Microsoft, the tech giant, rose by 10.13% in Wednesday’s trading session, defying the trend of other stocks that benefited from planned tariff relief. The company’s gains were largely driven by a combination of factors, including job cuts and a shift to prioritize its workforce. According to reports, Microsoft is planning to cut middle management positions and non-coders, with a focus on restructuring its teams to achieve a better ratio of engineers to non-technical staff.
The layoffs are expected to start in May, just three weeks away, and may impact a significant portion of the company’s staff. However, coders will not be entirely exempt from the cuts, as performance will also be considered. Employees with lower rankings on Microsoft’s “ManageRewards” system may face redundancy.

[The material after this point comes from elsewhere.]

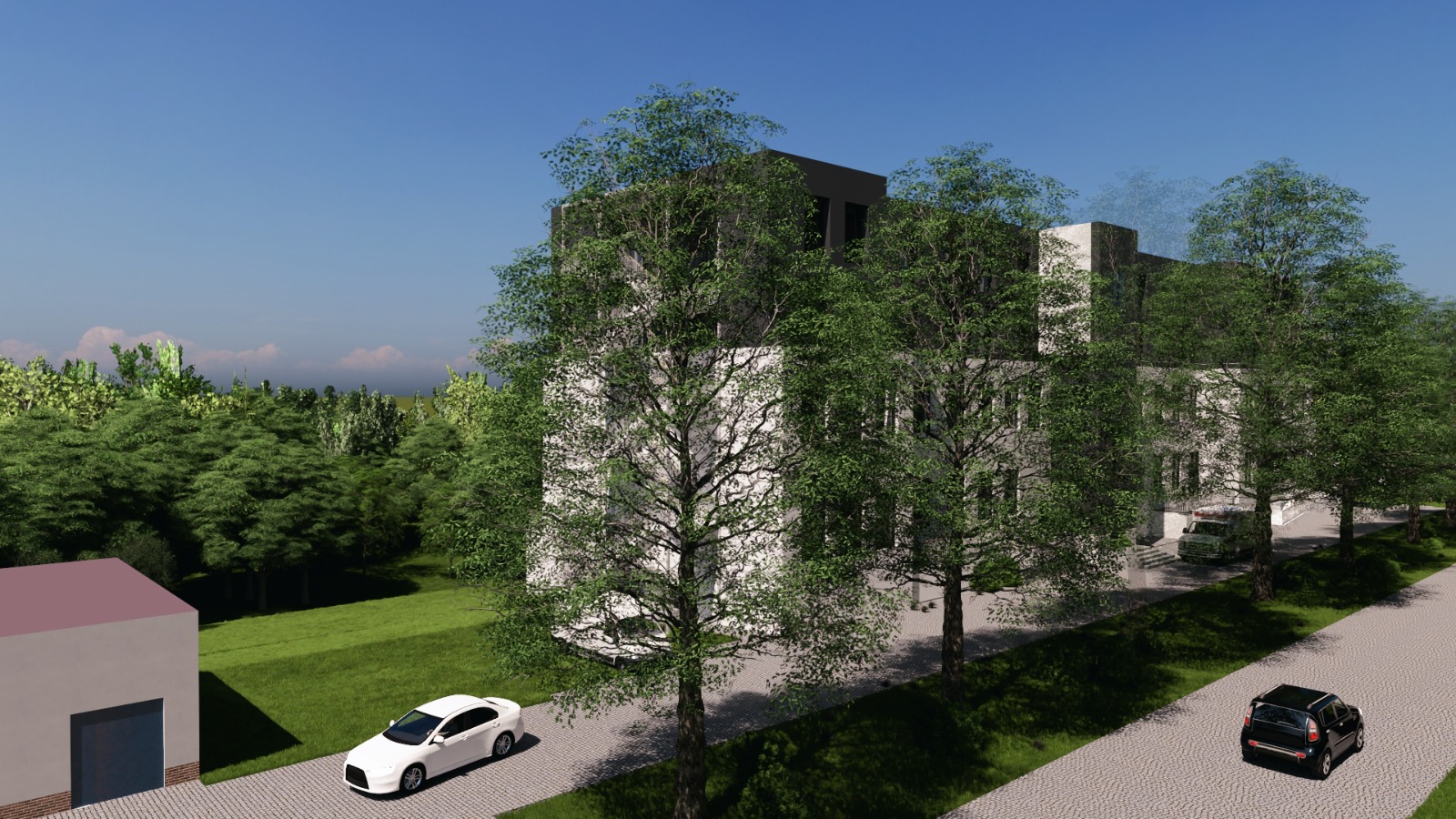 nicholas grimshaw exterior shot add interiors to windows add street lamps add garden furniture for disabled add people silhouettes architecture

On a separate note, Xbox fans can look forward to this year’s Xbox Games Showcase, scheduled for June 8. The event promises to feature product announcements and showcase new titles, including potential releases of Fable and Clockwork Revolution. Additionally, there is speculation about the possibility of next-generation console hardware, which could revolutionize the gaming industry.
Wall Street analysts have a Strong Buy consensus rating on Microsoft’s stock, with 32 Buys and three Holds in the past three months. The average price target implies 30.23% upside potential, considering the company’s recent 7.46% loss in share price over the past year.